Take the line containing "Realice la sexta" and all lines after it, through the end of the material, and repeat them exactly, pictures left out.

**TASK INPUT:**
::::::::

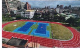
類 別：優良公共建設類 組 別：施工組 得獎機關：臺北市政府水利局 案 名：新北市三重區正義國小透水保水工程
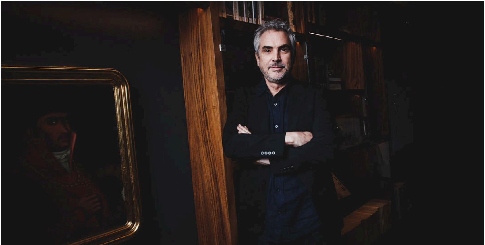
El cineasta Alfonso Cuarón cierra este domingo la temporada de su serie Disclaimer .

El cineasta mexicano habló con Crónica Escenario sobre su más reciente serie, Disclaimer , y la cinematografía nacional: “Espero que este sexenio las cosas mejoren”
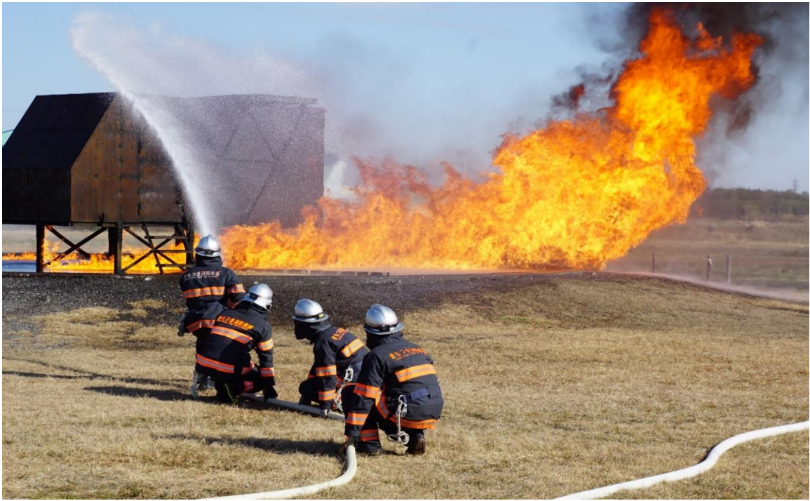
各種警防訓練の様子
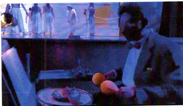
Ilustración 18 Novena presentación de la segunda temporada de la Ópera El Pueblo K'iche'

Realice la sexta presentación de la ópera, interpretando los chinchines y el redoblante en la sección de percusión, la cual fue la novena presentación de la segunda temporada de la misma. Esta novena presentación fue dirigida al público en general. Link: https://drive.google.com/file/d/1VatMaeP7-ReiopxjpFSy8bbJP8LREoJH/view?usp=sharing
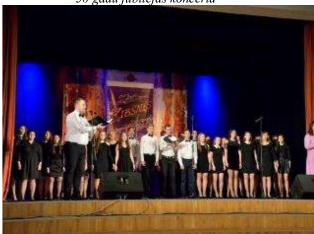
Višķu pagasta jauniešu koris Daugavpils novada talantu konkursā „Zibsnis”

::::::::

**TASK SOLUTION:**
Realice la sexta presentación de la ópera, interpretando los chinchines y el redoblante en la sección de percusión, la cual fue la novena presentación de la segunda temporada de la misma. Esta novena presentación fue dirigida al público en general. Link: https://drive.google.com/file/d/1VatMaeP7-ReiopxjpFSy8bbJP8LREoJH/view?usp=sharing
Višķu pagasta jauniešu koris Daugavpils novada talantu konkursā „Zibsnis”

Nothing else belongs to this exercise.